India's Muslim minority faces economic and social discrimination–resulting in skewed poverty figures for the community. But their treatment at the hands of government authorities can be even worse, new reports suggest.

A new study by the Jamia Teachers’ Solidarity Association (JTSA) documents 16 cases in which the so-called "special cell" of the Delhi police allegedly planted evidence in an effort to nab Muslim youths as operatives of terrorist groups like Al Badr, Harkat-ul-Jihad-al-Islami (HUJI) and Lashkar-e-Toiba (LeT), Outlook magazine reports. All 16 were later acquitted by the courts. 

But not everybody is so lucky, presumably. Even those who avoid conviction, thanks to support from human rights activists and the like, may never escape the cloud of suspicion that surrounds them after the initial arrest. And there has so far been no attempt to compensate the victims of this type of abuse by the police, or to lay criminal charges against the police officers involved, the JTSA points out.

“Courts have clearly indicted the special cell for setting up innocents, violating due process, concocting evidence… (they have) ordered a CBI probe against the cell and directed the filing of FIRs and initiation of departmental inquiries," Outlook quotes JTSA president Manisha Sethi as saying.
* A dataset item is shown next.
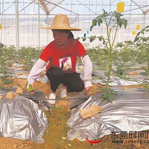 ■东莞引导韶关仁化县江头村通过土地流转建设蔬菜种植基地。图为江头村贫困户李有妹在蔬菜基地里除草
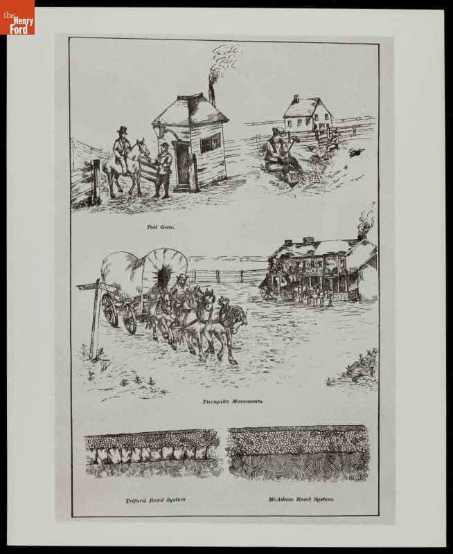 In the 19th century, road improvements in the United States tended to be private efforts financed by investors and supported by tolls. This illustration shows two methods of road construction. The Telford system used a base layer of stone blocks and an upper layer of smaller interlocking stones to support the road surface. Macadam (or McAdam) roads eliminated the stone-block foundation.

Yet, not a single officer in the operations described here has suffered any consequence. Instead, they get promotions and gallantry awards.”

Across India, the situation is equally bad, journalist Muzamil Jaleel points out in a compelling series of articles for the Indian Express on the prosecutions of alleged operatives of the banned Students' Islamic Movement of Indian (SIMI). 

In one article, Jaleel unveils how six terrorism cases, lodged over a two-year period in five different Indian cities, all relied on the same dubious evidence: Possession of an April 2004 issue of a Hindi magazine, Tehrik-e-Millat. And not just the same issue. The very same, tattered copy of the magazine, which had the names of sisters named Aashiya and Rafia handwritten on the covers.

"In the space of two years, these same copies of the April 2004 issue of Tehrik-e-Millat — with the names of the Khandwa sisters written by hand on the cover — travelled to at least two other states," Jaleel writes. "Several cases later, the police even started referring to the magazine as 'Tehrik Millat Aasiya' and 'Tehrik Rafia' in their official records. However, other than their names on the magazines, the two sisters were never mentioned in police records."  Nor was the magazine in question ever banned, though a case was once lodged against its editor.

In another piece, Jaleel reveals that in one month five people were arrested as SIMI activists in Indore, Madhya Pradesh, simply for shouting slogans.

"The script was the same: a mukhbir or informer tipped off police about men 'shouting anti-government slogans' outside mosques or in front of their homes, and the men were arrested and then left to battle it out in court," Jaleel writes.

In another case, a man who left SIMI before it was banned — back in 2000 — has been battling the courts, and even spent 21 months in jail, because of a poster he possessed before it had even been outlawed.